DistilBERT for Twitter Sentiment Analysis 🐦

This model is a fine-tuned version of distilbert-base-uncased for sentiment classification on Twitter/X data using LoRA (Low-Rank Adaptation) for parameter-efficient fine-tuning.

Model Description

Base Model: DistilBERT (66M parameters)
Fine-tuning Method: LoRA/PEFT (only ~1.5M parameters trained)
Task: 3-class sentiment classification
- 😊 Positive
- 😐 Neutral
- 😡 Negative
Dataset: tweet_eval sentiment subset
Language: English
Training Framework: Hugging Face Transformers + PEFT

🎯 Performance

The model achieves the following results on the test set:

Metric	Score
Accuracy	67.84%
F1 Score (weighted)	0.6785

Per-Class Performance

Class	Precision	Recall	F1-Score	Support
Negative 😡	0.71	0.65	0.67	3,972
Neutral 😐	0.69	0.70	0.69	5,937
Positive 😊	0.62	0.67	0.65	2,375
Overall	0.68	0.68	0.68	12,284

Confusion Matrix

              Predicted
           Neg    Neu    Pos
Actual Neg [2562  1210   200]
       Neu [ 987  4170   780]
       Pos [  77   697  1601]

🚀 Usage

Quick Start (Recommended)

# Install required packages
!pip install transformers peft torch

from transformers import AutoTokenizer, AutoModelForSequenceClassification
from peft import PeftModel, PeftConfig
import torch

# Load model
model_name = "SeifElislamm/distilbert-sentiment-twitter"

# Load PEFT config
config = PeftConfig.from_pretrained(model_name)

# Load base model
base_model = AutoModelForSequenceClassification.from_pretrained(
    config.base_model_name_or_path,
    num_labels=3,
    id2label={0: "negative", 1: "neutral", 2: "positive"},
    label2id={"negative": 0, "neutral": 1, "positive": 2}
)

# Load LoRA adapters
model = PeftModel.from_pretrained(base_model, model_name)
model = model.merge_and_unload()  # Merge for faster inference
model.eval()

# Load tokenizer
tokenizer = AutoTokenizer.from_pretrained(model_name)

# Predict sentiment
def predict_sentiment(text):
    inputs = tokenizer(text, return_tensors="pt", truncation=True, max_length=128)
    
    with torch.no_grad():
        outputs = model(**inputs)
        probs = torch.softmax(outputs.logits, dim=-1)
        pred_class = torch.argmax(probs).item()
        confidence = probs[0][pred_class].item()
    
    labels = {0: "negative", 1: "neutral", 2: "positive"}
    return labels[pred_class], confidence

# Test it
text = "I love this product! It's amazing!"
sentiment, confidence = predict_sentiment(text)
print(f"Sentiment: {sentiment.upper()} (confidence: {confidence:.1%})")

Batch Prediction

texts = [
    "I love this so much! 😍",
    "This is terrible. 😡",
    "It's okay, nothing special. 😐"
]

for text in texts:
    sentiment, confidence = predict_sentiment(text)
    print(f"{text} → {sentiment.upper()} ({confidence:.1%})")

Expected Output

I love this so much! 😍 → POSITIVE (85.3%)
This is terrible. 😡 → NEGATIVE (79.2%)
It's okay, nothing special. 😐 → NEUTRAL (71.5%)

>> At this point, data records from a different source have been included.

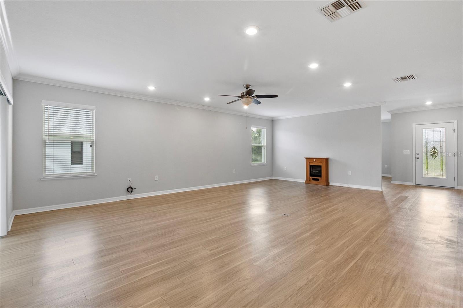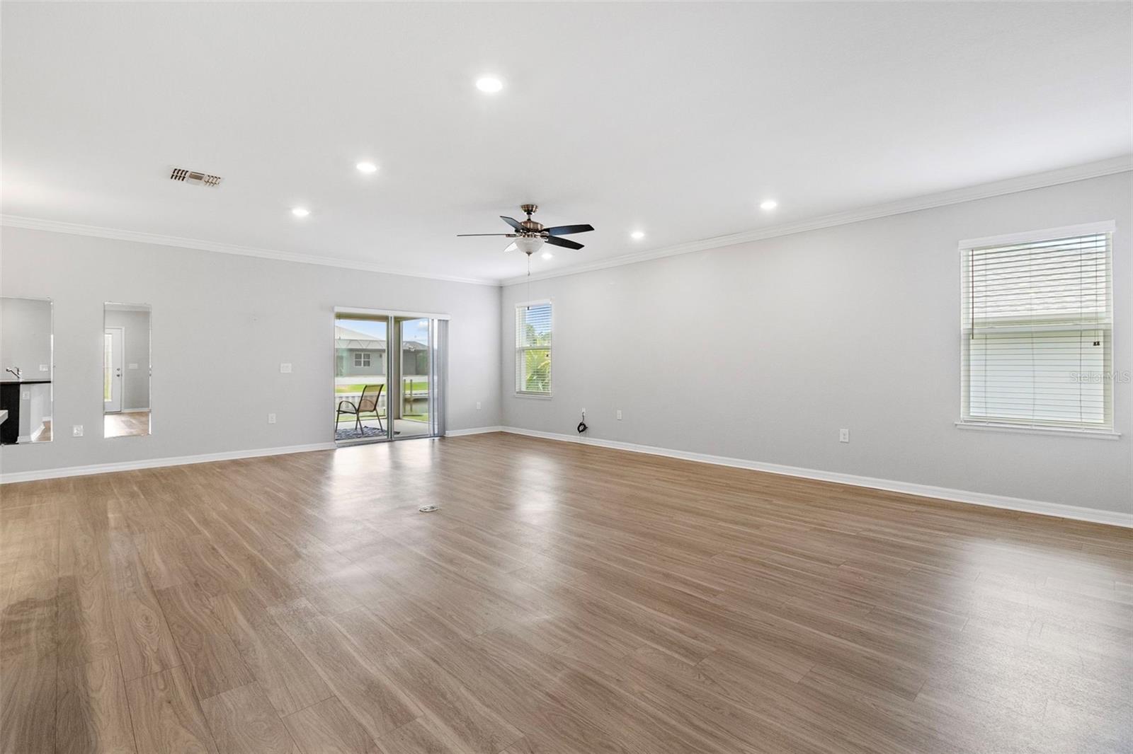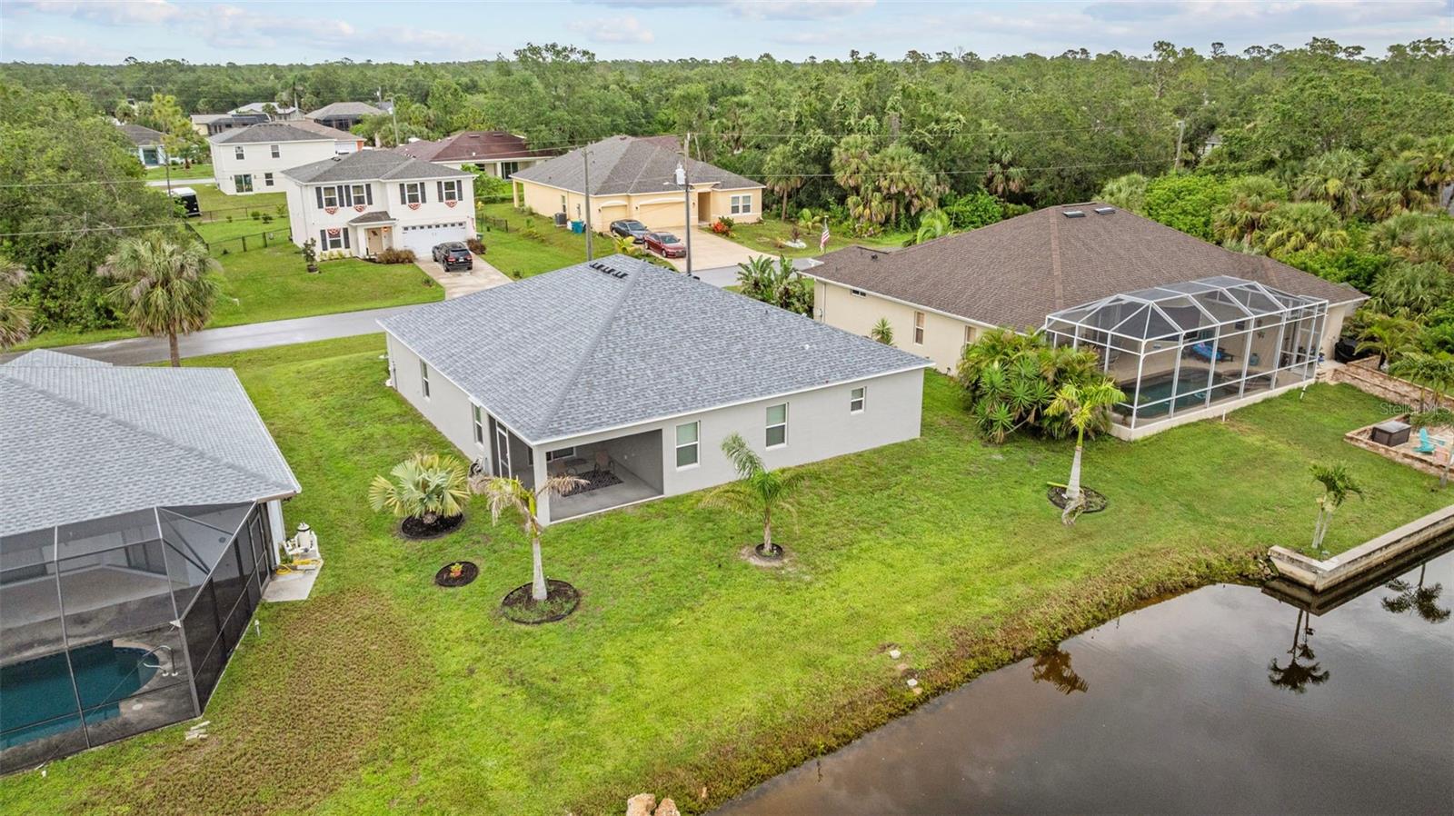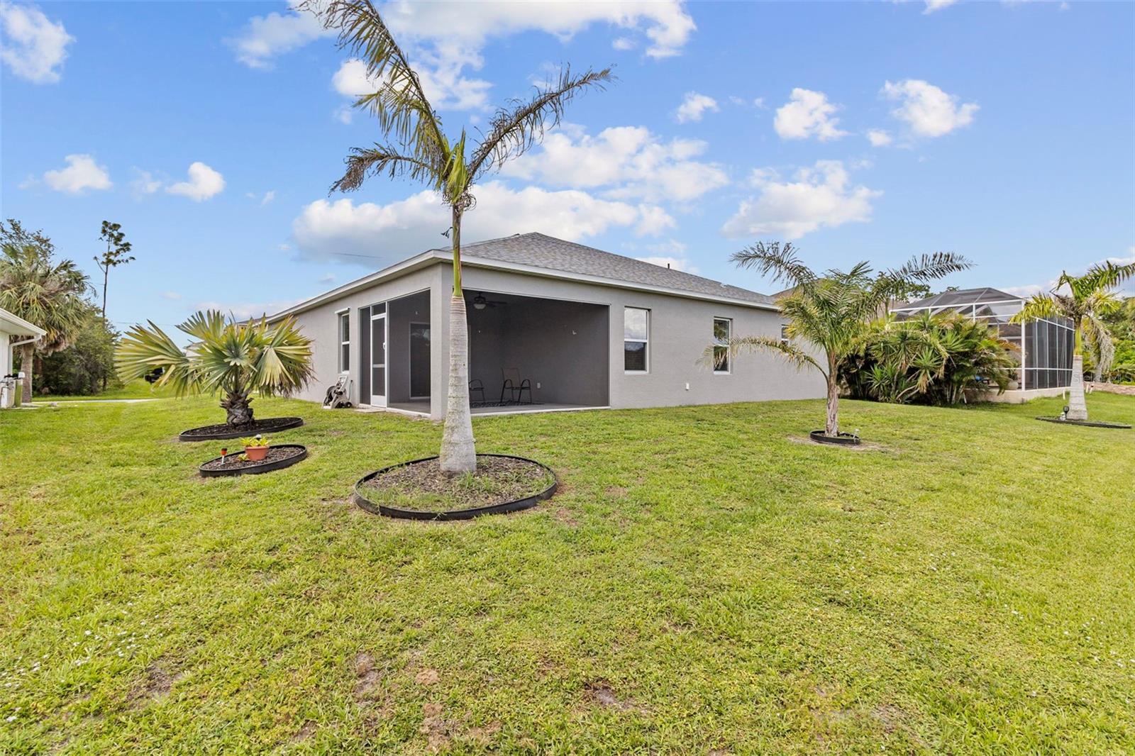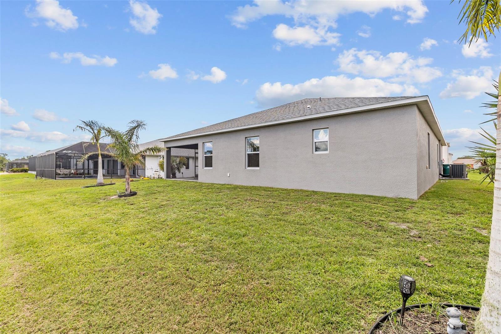 A beautiful newer waterfront home built in 2019 has a lovely open floor plan with access to a lanai and a wonderful view of the canal. This lovely home has an open-floor plan with high ceilings and crown molding. The Living room is located in the front and can be used as an office, a play room or whatever you want to use it for. The garage is oversized, allowing for tools and toys. Enjoy relaxing on the lanai watching the fish jump and the birds fly over. There is plenty of room for your custom pool and spa. You can build the dock and boat life to accommodate your boat, so size won’t matter. A new roof was installed in 2024. All you need to do is move in and decorate to your own standards and likes. (Please note, that the carpet in the bedrooms is a gray color not blue/green.)
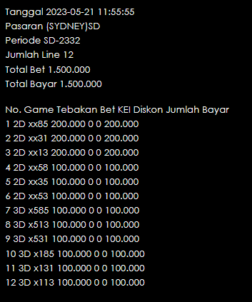 MASTER SYDNEY Selasa, 23-12-2025 Merupakan Prediksi Otomatis yang menggabungkan Metode Kalender Togel Dengan Rumus-rumus kontrol yang sudah terbukti keakuratanya.Gunakan Aplikasi Rekap untuk mendapatkan LN TOP. Harap Maklum Jika kadang meleset MASTER SYDNEY kita. Jadikan ini sebagai perbandingan saja dan tetap UPS
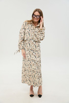 Платье женское, относится к нарядной торжественной одежде. Платье пончо свободного кроя, длинное. Перед цельнокроеный. Спинка со средним швом, вверху с разрезом, фиксирующимся по горловине на 1-ну навесную петлю и 1-ну пришивную пуговицу. Горловина круглая, обточная, без воротника, по переду горловины отделочная строчка 0,6 см. Рукав цельнокроеный удлинённый. Низ рукава и боковые швы декорированы приточной оборкой. По боковым швам зафиксирован уровень пройм и место расположения петель на уровне линии талии отделочными строчками. К платью прилагается съёмный пояс с пряжкой, фиксируемые на платье в петли на уровне линии талии. Платье без плечевых накладок. Длина спинки платья 132 см, ширина на уровне глубины проймы 66 см, ширина по линии талии 66 см, ширина плеча+длина рукава 56,5 см.
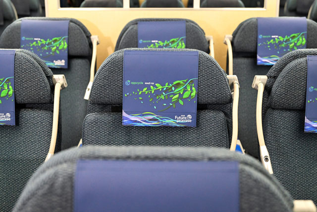 リンゴジュースの絞りかすを活用した「RINGO-TEX」を使ったANAグリーンジェットのプレミアムクラスのヘッドレストカバー=22年10月3日 PHOTO: Tadayuki YOSHIKAWA/Aviation Wire
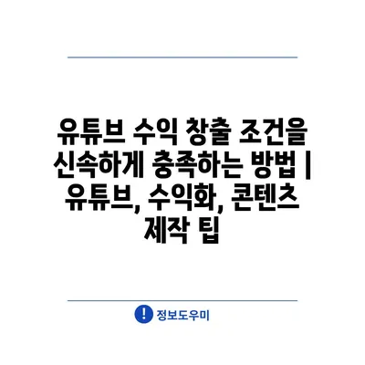 유튜브 수익 창출 조건을 신속하게 충족하는 방법 | 유튜브, 수익화, 콘텐츠 제작 팁
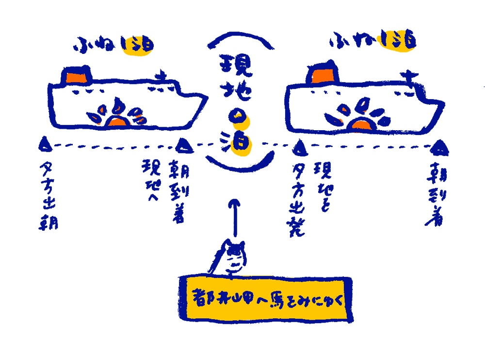 夜行フェリーで遊びに行って、また夜行フェリーで帰る。要は現地で泊まらず帰るフェリー旅です。
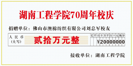 近日,佛山市澳棉纺织有限公司总经理、太阳成杰出校友、材料与化工学院染整工程(现轻化工程专业)00311班刘总军为母校建校七十周年捐赠20万元,用于新化工大楼建设。
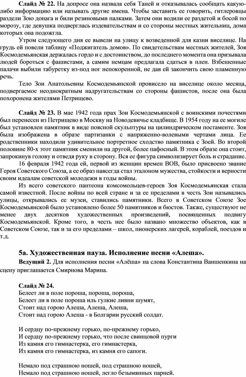 5а. Художественная пауза. Исполнение песни «Алеша».

🧪 Quick Test in Google Colab

Want to test the model immediately? Copy this into a new Colab notebook:

!pip install -q transformers peft torch

from transformers import AutoTokenizer, AutoModelForSequenceClassification
from peft import PeftModel, PeftConfig
import torch

model_name = "SeifElislamm/distilbert-sentiment-twitter"
config = PeftConfig.from_pretrained(model_name)
base_model = AutoModelForSequenceClassification.from_pretrained(
    config.base_model_name_or_path, num_labels=3
)
model = PeftModel.from_pretrained(base_model, model_name).merge_and_unload()
tokenizer = AutoTokenizer.from_pretrained(model_name)

def predict(text):
    inputs = tokenizer(text, return_tensors="pt", truncation=True, max_length=128)
    with torch.no_grad():
        outputs = model(**inputs)
        probs = torch.softmax(outputs.logits, dim=-1)
        pred = torch.argmax(probs).item()
    labels = {0: "NEGATIVE", 1: "NEUTRAL", 2: "POSITIVE"}
    return labels[pred], probs[0][pred].item()

# Test it!
text = input("Enter text: ")
sentiment, conf = predict(text)
print(f"→ {sentiment} ({conf:.1%})")

📊 Training Details

Training Hyperparameters

Parameter	Value
Base Model	distilbert-base-uncased
Learning Rate	2e-5
Batch Size	32
Epochs	3
Weight Decay	0.01
Max Sequence Length	128
Optimizer	AdamW
LR Scheduler	Linear

LoRA Configuration

Parameter	Value
LoRA Rank (r)	16
LoRA Alpha	32
LoRA Dropout	0.1
Target Modules	q_lin, v_lin
Trainable Parameters	~1.5M / 66M (2.3%)

Training Results

Epoch	Training Loss	Validation Loss	Accuracy	F1 Score
1	0.6845	0.7014	0.6805	0.6817
2	0.6841	0.6861	0.6925	0.6936
3	0.6718	0.6819	0.6975	0.6985

✅ Model converged successfully with decreasing loss and improving metrics!

📚 Training Data

The model was trained on the tweet_eval sentiment dataset:

Split	Samples
Training	45,615
Validation	2,000
Test	12,284

Dataset characteristics:

Short text (typical tweets: 10-50 words)
Informal language with emojis, hashtags, and mentions
Balanced across negative, neutral, and positive sentiments
Real-world social media data

💡 Intended Uses

✅ Recommended Uses

Social Media Monitoring: Analyze sentiment of tweets, posts, and comments
Customer Feedback Analysis: Classify product reviews and feedback
Brand Reputation Tracking: Monitor public opinion about brands
Market Research: Understand customer sentiment trends
Content Moderation: Flag potentially negative content
Academic Research: Study sentiment patterns in social media

⚠️ Limitations

Domain-specific: Trained on Twitter data; may not generalize well to:
- Formal documents (legal, academic)
- Long-form content (articles, essays)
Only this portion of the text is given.